Unless there is a clear congressional intent to provide a civil remedy, a plaintiff cannot recover civil damages for an alleged violation of a criminal statute. Federal Sav. & Loan Ins. Corp. v. Reeves, 816 F.2d 130, 137-38 (4th Cir.1987) (no civil cause of action where no affirmative indication that Congress intended to furnish a civil remedy);
No private right of action exists under 18 U.S.C. § 1957. Schwartz v. F.S. & O. Assoc., No. CIV.A. 90-1606, 1991 WL 208056 (S.D.N.Y. Sept. 27, 1991). No private right of action exists under 15 U.S.C. § 77q. Kimmel v. Peterson, 565 F.Supp. 476 (E.D.Pa.1983); Sowell v. Butcher & Singer, Inc., No. CIV.A. 84-0714, 1987 WL 10712 (E.D.Pa. May 13, 1987). The Circuits which have addressed the issue generally agree with this conclusion. Ohio v. Peterson, Lowry, Rall, Barber & Ross, 651 F.2d 687, 689, n.1 (10th Cir.), cert. denied, 454 U.S. 895, 102 S.Ct. 392, 70 L.Ed.2d 209 (1981). No private right of action exists under 18 U.S.C. § 1341. Ryan v. Ohio Edison Co., 611 F.2d 1170 (6th Cir.1979); Krupnick v. Union Nat’l Bank, 470 F.Supp. 1037, 1038 (W.D.Pa.1979). Similarly, 18 U.S.C. § 1951 is a bare criminal statute which contains no indication that a civil remedy is available. Creech v. Federal Land Bank of Wichita, 647 F.Supp. at 1099. No civil action has been held to exist under either 18 U.S.C. § 1952 or 18 U.S.C. § 1956. Schwartz v. F.S. & O. Assoc., No. CIV.A. 90-1606, 1991 WL 208056 (S.D.N.Y. Sept. 27, 1991); Merrell Dow Pharmaceuticals, Inc. v. Thompson, 478 U.S. 804, 106 S.Ct. 3229, 92 L.Ed.2d 650 (1986). For the foregoing reasons, counts 16, 17, 18, 19, 20, and 21 are dismissed.
Count 15
Count 15 asserts a pendent state law claim for negligence against Supreme Auto Body Works. In the absence of a viable federal claim against a defendant, a court may decline to accept pendent jurisdiction over state claims against the defendant.

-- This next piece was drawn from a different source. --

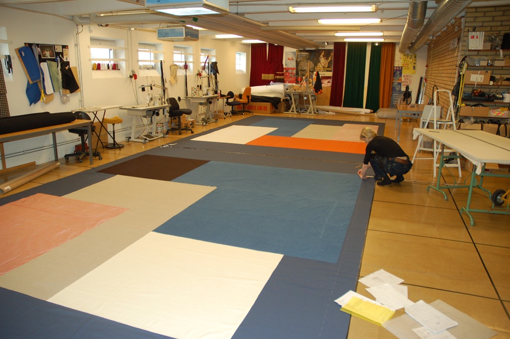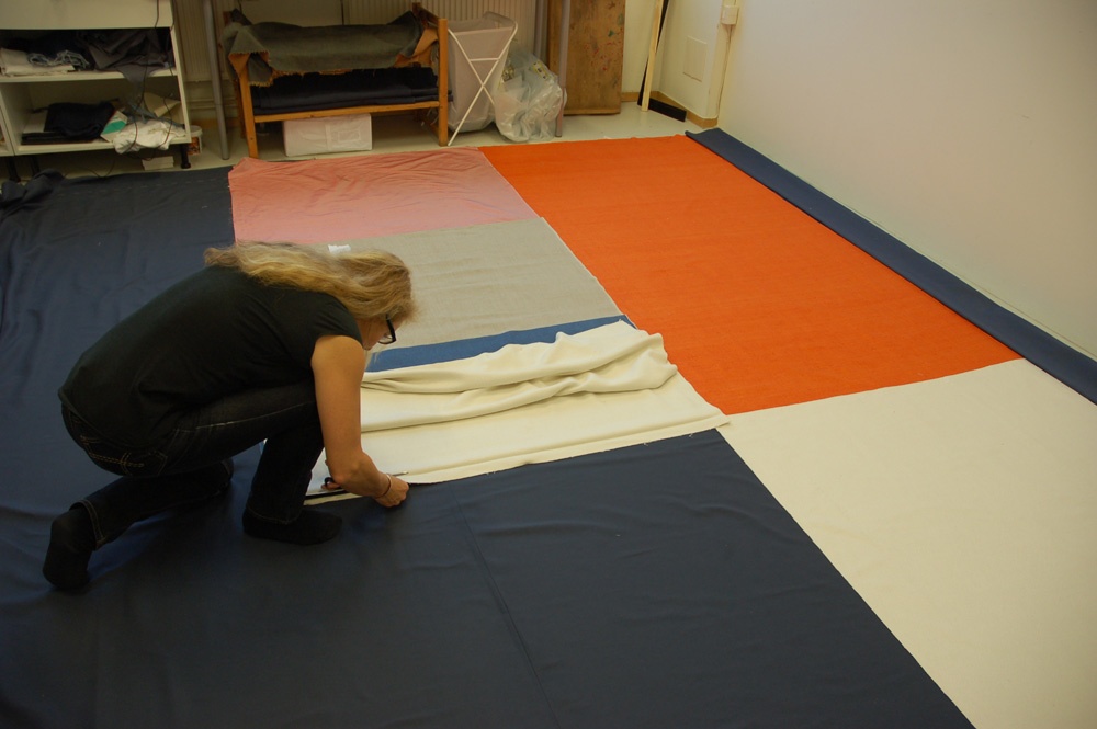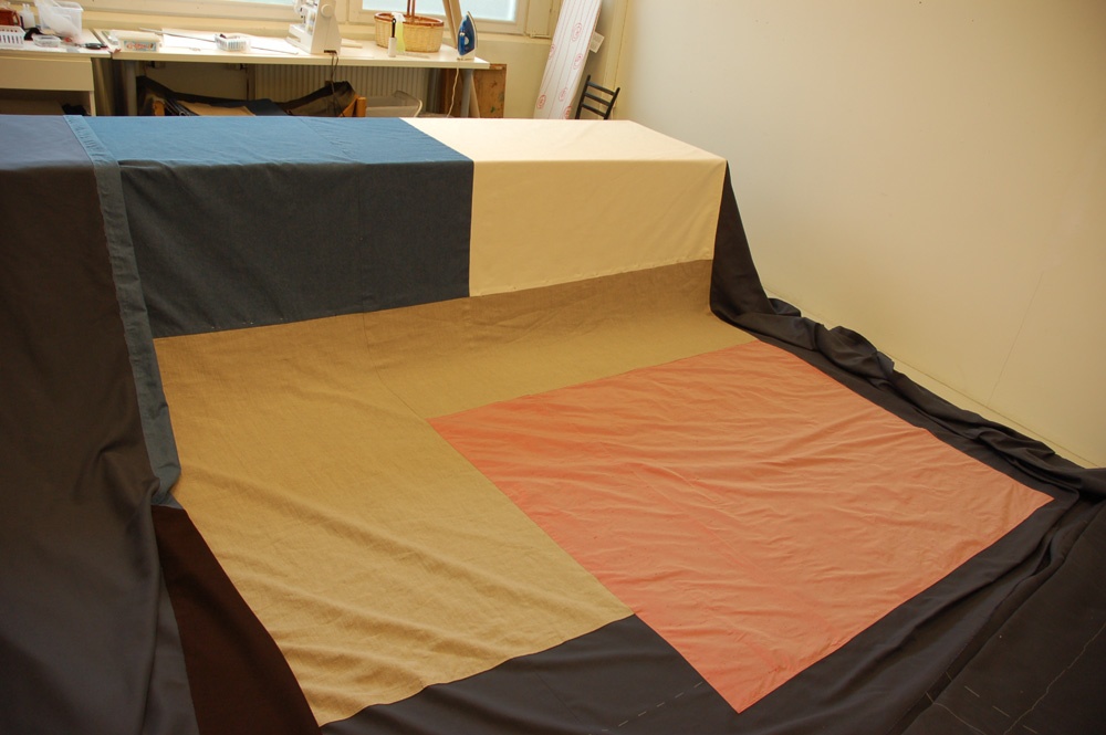 Ridån är en komposition av färger och olika textila material. Jag jobbar med komplementfärgerna blått (denim) - orange, med beige (oblekt lin), rosa, brunsvart och benvitt. Ljuset absorberas eller reflekteras olika mot ull eller siden, detta kan utnyttjas vid ljussättning och veckbildning för att skapa större variation i bilden.

Agresta v. City of Philadelphia, 694 F.Supp. 117, 124 (E.D.Pa.1988); Lopuszanski v. Fabey, 560 F.Supp. 3, 5 (E.D.Pa.1982). Because all federal claims asserted against the Auto Body Defendants have been dismissed from the action, the Court declines to exercise pendent jurisdiction and accordingly DISMISSES Count 15.
Conclusion
For all of the foregoing reasons, the section of the Complaint entitled “Legal Argument” is stricken from the Complaint. Counts 1-21 are DISMISSED as to all of the Auto Body Defendants. Additionally, all counts are dismissed against John Doe, an unnamed tow truck driver who has never been identified nor served with process. An appropriate Order follows.
ORDER
Upon consideration of the motion of the Auto Body Defendants, the Plaintiffs’ affidavit in response thereto and for the reasons stated in the accompanying Memorandum, the portion of Plaintiffs’ Complaint entitled “Legal Argument” is stricken. The Complaint is DISMISSED in its entirety as to Supreme Auto Body Works, Joseph Reiley and John Doe, a tow truck driver, who were named in the original Complaint and Michael Fonzone who was added to this action by amendment.
IT IS SO ORDERED
. The "Auto Body Defendants” incorrectly identify the basis for the motion for a more definite statement as Pa.R.Civ.P. 12(a).
. The Court notes that proof of proper service of process has not been made in this action and that the Defendants have probably been incorrectly served. Because the Court does not possess all information necessary to make a fair evaluation of the propriety of service and because the Auto Body Defendants have not questioned the sufficiency of service, the Court will not at this juncture address that issue. The Court simply notes that in addition to the reasons set forth in the Memorandum, this action likely fails for insufficient process.